Plutarch tells us that Olympias, was "wont to have great tame serpents about her, which sometimes creeping out of the ivy in the mystic fans, sometimes winding themselves about the sacred spears, and the women's chaplets, made a spectacle which men could not look upon without terror".

Their name maenad literally translates as "raving ones". Maenads of legend were known as wild, insane women inspired by Dionysus to ecstatic frenzy; involving violence, bloodletting, sexual activity, self-intoxication, and mutilation. They were usually pictured as crowned with vine leaves, clothed in fawnskins and carrying the thyrsus rod, dancing with wild abandon. These entranced women, wandered through the forests and hills and joined night processions to the mountains in order to kill animals and eat their flesh raw – supposedly a kind of ritual communion, since they believed god to be present in the victim.

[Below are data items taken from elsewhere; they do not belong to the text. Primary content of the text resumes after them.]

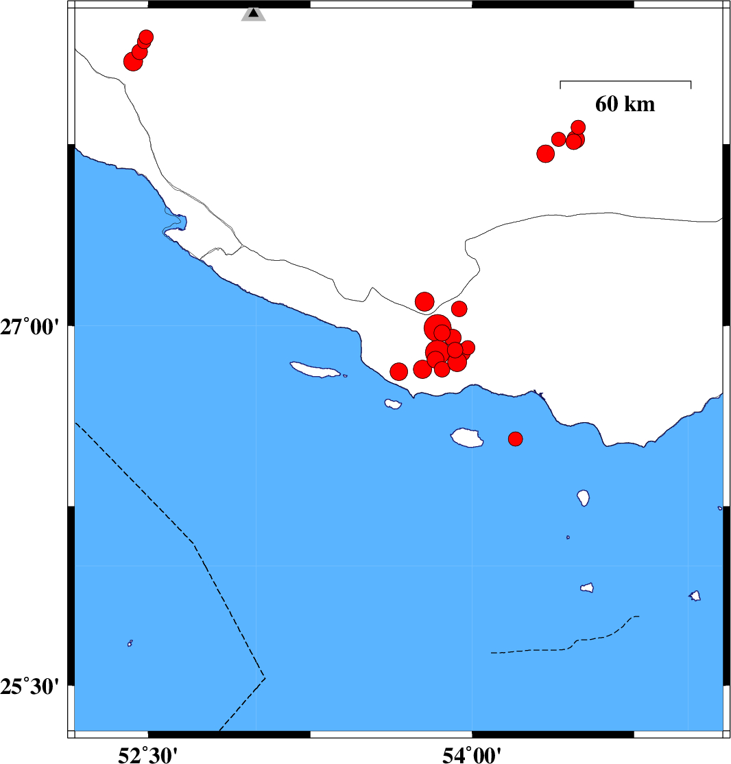 | 2010/07/20 | 20:01:28.4 | 00:31:28.4 | 27.1 | 53.78 | 39 | ML3.9 | Fars Province, 59 km West of Bastak | ||
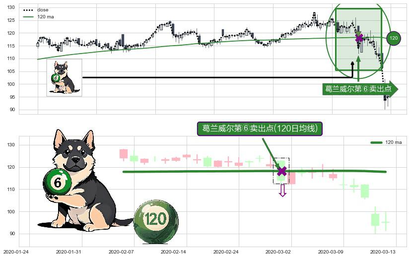 ⚀ 2020-02-28-日显现 葛兰威尔均线 120日均线 第⑥卖出点 走势反转见顶信号,后市看跌,卖出信号
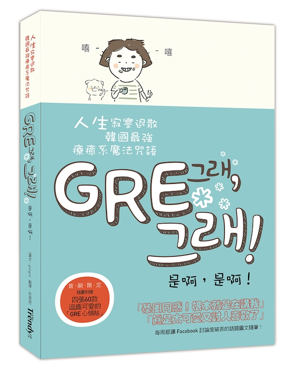 Facebook和部落格廣受年輕人喜愛的韓國最強逗趣插畫家金GRE,筆名由來是喜歡的顏色「灰色(GREY)」,同時也是「是啊」的韓語讀音。喜歡觀察人,也喜歡聽故事,在聽著人們的故事時,不知不覺也想說出自己的故事給大家聽。是稀鬆平常又普通的生活日常與心情感受,但也因此是能讓大家感同身受,隨之歡笑、獲得安慰的故事。打開這本書的每個瞬間,都能感受到親切與溫暖。

Dionysus is a god of vegetation, the vine, the grape, and the making and drinking of wine; the exhilaration and release that wine can bring. He represents "the coursing of blood through the veins and the throbbing intoxication of nature and of sex. Essential to his worship was a spiritual release through music and dance".

Dionysos was a god of extremes and a breaker of boundaries. He has been described as "a god who liberates his followers through an act of possession, thereby enabling access to realms of sacred ecstasy. Crashing through the tightly drawn lines that divide the human from the animal and the divine".

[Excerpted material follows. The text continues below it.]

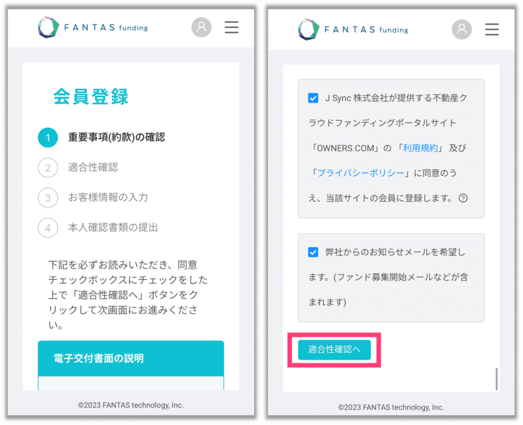 重要事項を確認し、ボックスにチェックを入れてから「適合性確認へ」をタップ。

The Dionysian Mysteries are said to have begun as an ancient initiation society, centred on a primeval nature god apparently associated with horned animals, serpents and solitary predators (primarily big cats). The rites were based on a seasonal death-rebirth theme and on spirit possession. Spirit possession involved liberation from the constraints of civilisation and its rules an escape from the socialized personality and ego either into an ecstatic, primal state.

Dionysus also was considered to embody both feminine and masculine challenging gender norms. For the Greeks the masculine, rational, and heroic to be equated with the good and true. Dionysos was seen as dangerous and subversive influence being “emotional and disorderly, a god of madness and shape-shifting" (how postmodern!) - all feminine attributes which “real” man could not be allowed to possess. “He was a strange god, and a god of the periphery - edging on the dark and unknown. The periphery, the uncivilized, was the realm of women and beasts and barbarians; hence his companions were maenads and satyrs.”

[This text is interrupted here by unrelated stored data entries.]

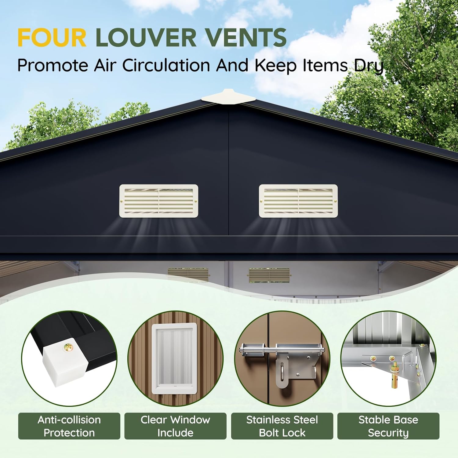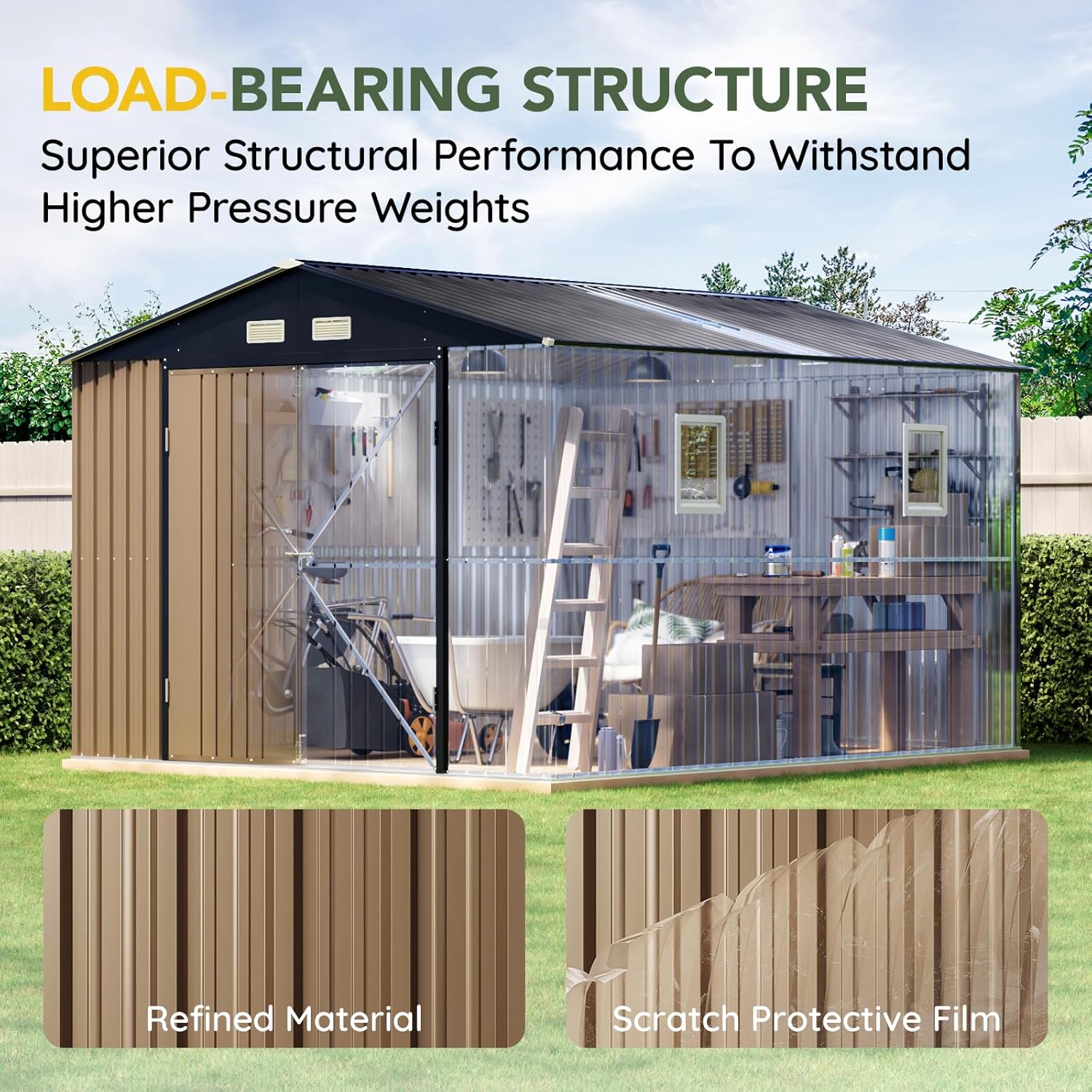 - Durable Construction: Crafted from galvanized steel, this shed is rust-resistant and weatherproof, ensuring long-lasting durability even in tough outdoor conditions.
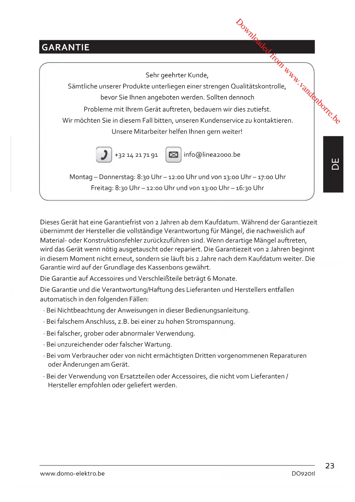 - Bei der Verwendung von Ersatzteilen oder Accessoires, die nicht vom Lieferanten / Hersteller empfohlen oder geliefert werden. Downloaded from www.vandenborre.be24 DO9201I
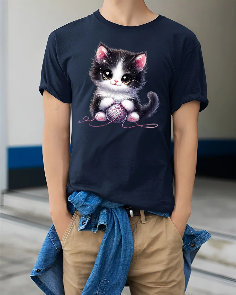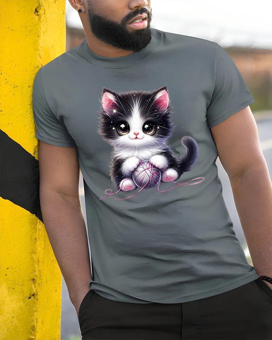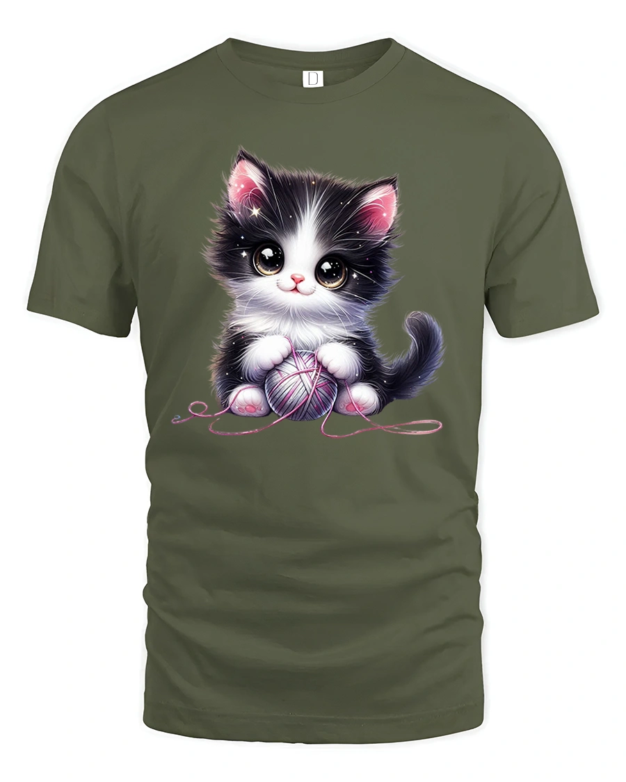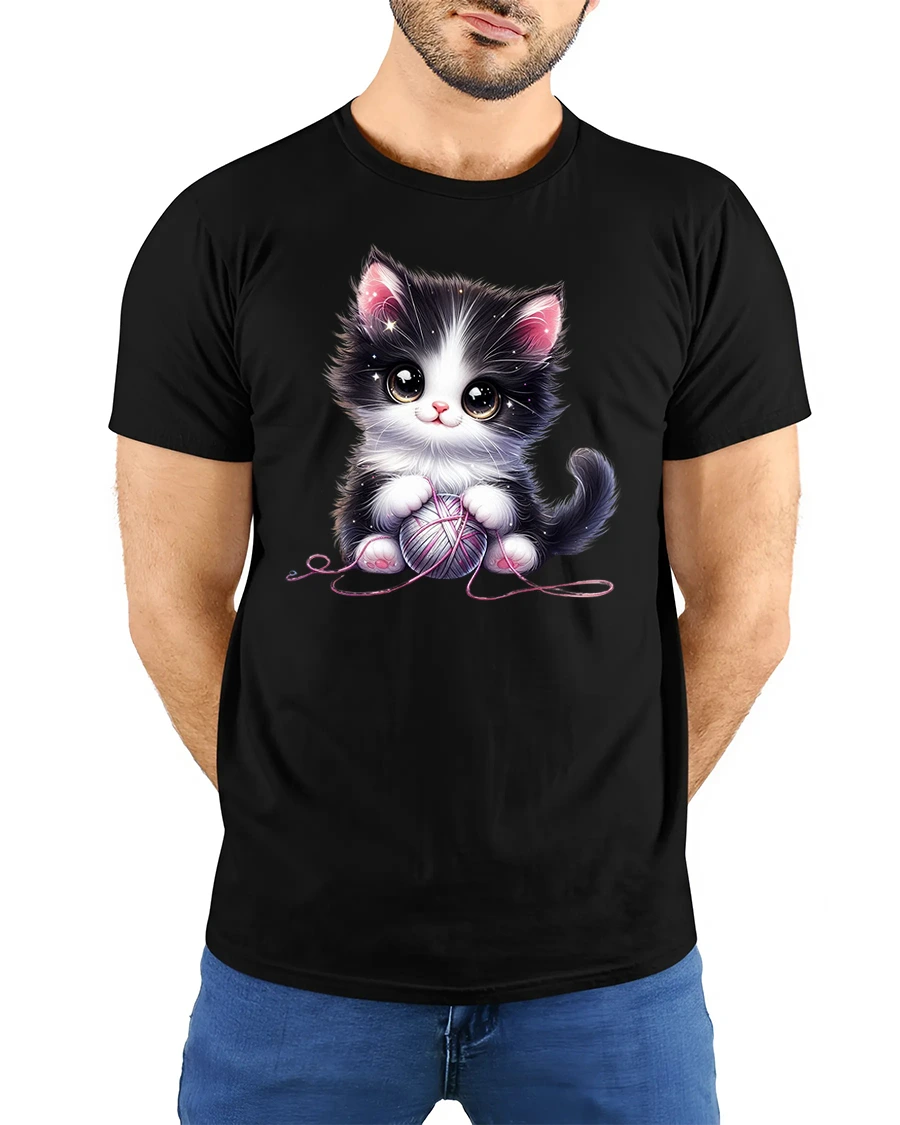 Cute Black and White Kitten with Yarn Ball Art T-Shirt is the perfect mix of sweetness and comfort for cat lovers everywhere.

Possessed by Dionysos, women were seen to become "even more irrational, passionate and wild. Liberated by the god, they abandoned their chaste behavior and wifely duties and danced madly through the forests, defying all social restraints". Worshipers in the Dionysiac cult were promised resurrection after an initiation that included suffering and a mystical marriage with the god. "The secret initiation rites for young women included: reading from a sacred text, purification, the flagellation of the initiate, ecstatic dancing, the revealing of the sacred phallus and finally, the reward of a mystical marriage to the god".

The Dionysiac cult spread over the Graeco-Roman world as far east as India in the wake of the conquests of Alexander the Great. It was Alexander who brought the cult of Dionysos with him as he crossed over the east to ancient Bactria, modern Afghanistan, and as far east as the Indus valley. When the Macedonian Greeks reached India under Alexander and his heirs, they claimed Dionysos had gone ahead of them, in the form of a local deity known to us as Shiva. Bactrian coins were minted with both gods on either side.

When Alexander conquered the area known today as Nuristan, he found that the inhabitants made wine and ivy sacred to Dionysos grew there. Alexander decided that he had stumbled on a sanctuary of Dionysus founded by the god on his wanderings. Alexander sacrificed to Dionysus and some of his officers, wearing ivy garlands, became possessed by the god.